# Removing painted over many times wallpaper



## innovative1

I have been removing Wall paper for only 2 years and have good luck I am pretty good about estimating my time and know what to do on several situations. I am surprised at the lack of advice online there is on the subject. I do have some tips for you. I have a cheap steamer and it works great. I score and wet the walls and steam away. Then scrape the walls with a 6in blade to remove excess glue and use chomp adhesive remover to wash the walls down. then prime with oil based and paint. You can also use t shirt rags wet with remover and lay on walls. It keeps the paper wet and it pulls off in sheets. I usually can remove and clean walls in a bedroom in 4-6 hours and when I'm lucky in 2. However I ran into a new one. The client has a 100 year old house with at least 2 layer thick of wallpaper and 9 to 10 coats of paint. He 
removed it on the first floor and said it chiped away at many hours of work. Then he skim coated 2 coats sprayed and back rolled the finish paint. He did a great job but doesnt want to do any more himself. 
I suggested just repairing the walls and skim coat 2 layer of mud then paint, but he wants it removed. I am just looking for a faster option,would renting a professional steamer work in this situation?


----------



## TooledUp

I use one of these for all of my stripping. If you're doing this professionally then you should invest in some decent kit. Having said that, I don't know if using a decent stripper will make any difference if the paper is as old and painted over as much as you say.

Elbow grease sounds like your best option. There's plenty of tools like these to score the paper and keep on wetting/steaming/using chemical on. If the H/O has been doing it himself then you don't realy know if he's been using the best methods anyway so it might not be as bad as he tells you it was for him to remove. 

TBH, after doing the job for two years then I'm suprised that you don't know the best options available to you and that you're still using DIY tools.


----------



## tsunamicontract

hang new rock over? Thats the easy way, might even be cheaper. makes your room 3/8ths of an inch thinner on all sides though . . .


----------



## johnpaint

tsunamicontract said:


> hang new rock over? Thats the easy way, might even be cheaper. makes your room 3/8ths of an inch thinner on all sides though . . .


They even make 1/4 rock too:


----------



## WisePainter

TooledUp said:


> I use one of these for all of my stripping.


Equipment with built in steps are rad!

Graco made a 395 step model.
okay, that was retarded actually...like I am going to hump that lead brick around all day to reach 1 1/2 more feet vertically.

:no:


----------



## 1977corey

innovative1 said:


> I have been removing Wall paper for only 2 years and have good luck I am pretty good about estimating my time and know what to do on several situations. I am surprised at the lack of advice online there is on the subject. I do have some tips for you. I have a cheap steamer and it works great. I score and wet the walls and steam away.

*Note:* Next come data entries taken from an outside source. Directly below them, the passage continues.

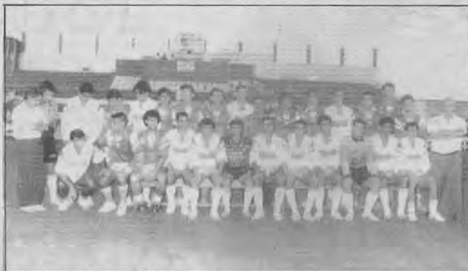
La plantilla alcalaense confirmó que este año va a darle muchas alegrías a su afición.

No era más que el primer aviso del auténtico calvario que pasaría el conjunto local en la primera mitad. En esta el Alcalá se adueño del campo y jugó como quiso. Choya, Marcos y Vega cazaban todos los balones de sus alrededores y los pasaban a sus compañeros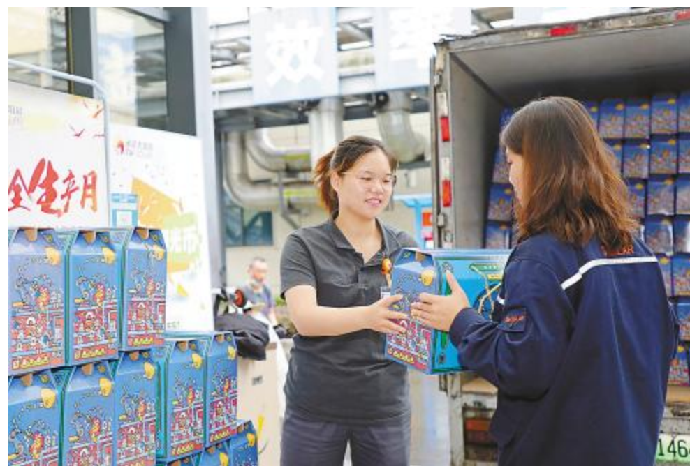
满满中秋礼,送出公司的诚意与祝福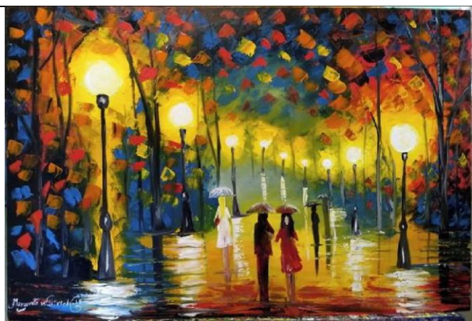
Nighth cityscape, Margarete Waltrick,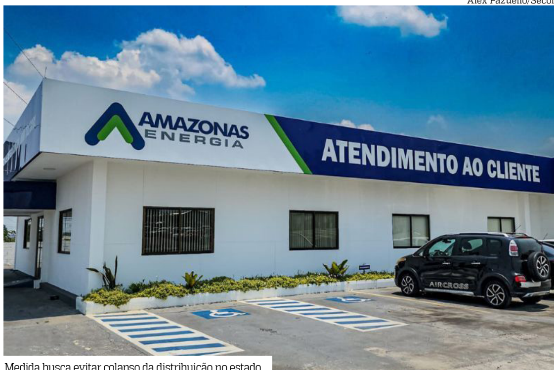
Medida busca evitar colapso da distribuição no estado

A liberação dos recursos considera decisão da juíza

Then scrape the walls with a 6in blade to remove excess glue and use chomp adhesive remover to wash the walls down. then prime with oil based and paint. You can also use t shirt rags wet with remover and lay on walls. It keeps the paper wet and it pulls off in sheets. I usually can remove and clean walls in a bedroom in 4-6 hours and when I'm lucky in 2. However I ran into a new one. The client has a 100 year old house with at least 2 layer thick of wallpaper and 9 to 10 coats of paint. He
> removed it on the first floor and said it chiped away at many hours of work. Then he skim coated 2 coats sprayed and back rolled the finish paint. He did a great job but doesnt want to do any more himself.
> I suggested just repairing the walls and skim coat 2 layer of mud then paint, but he wants it removed. I am just looking for a faster option,would renting a professional steamer work in this situation?


I would rather just actually rent the professional:blink:


----------



## DMWalls

Hanging new rock sounds easy, But remember that you must remove and re-install all the baseboards, door casings, window frames and crown moulding.

I would try to get under that paint with a broad knife and remove as much of the paint as possible before scoring any paint left and soaking the wall.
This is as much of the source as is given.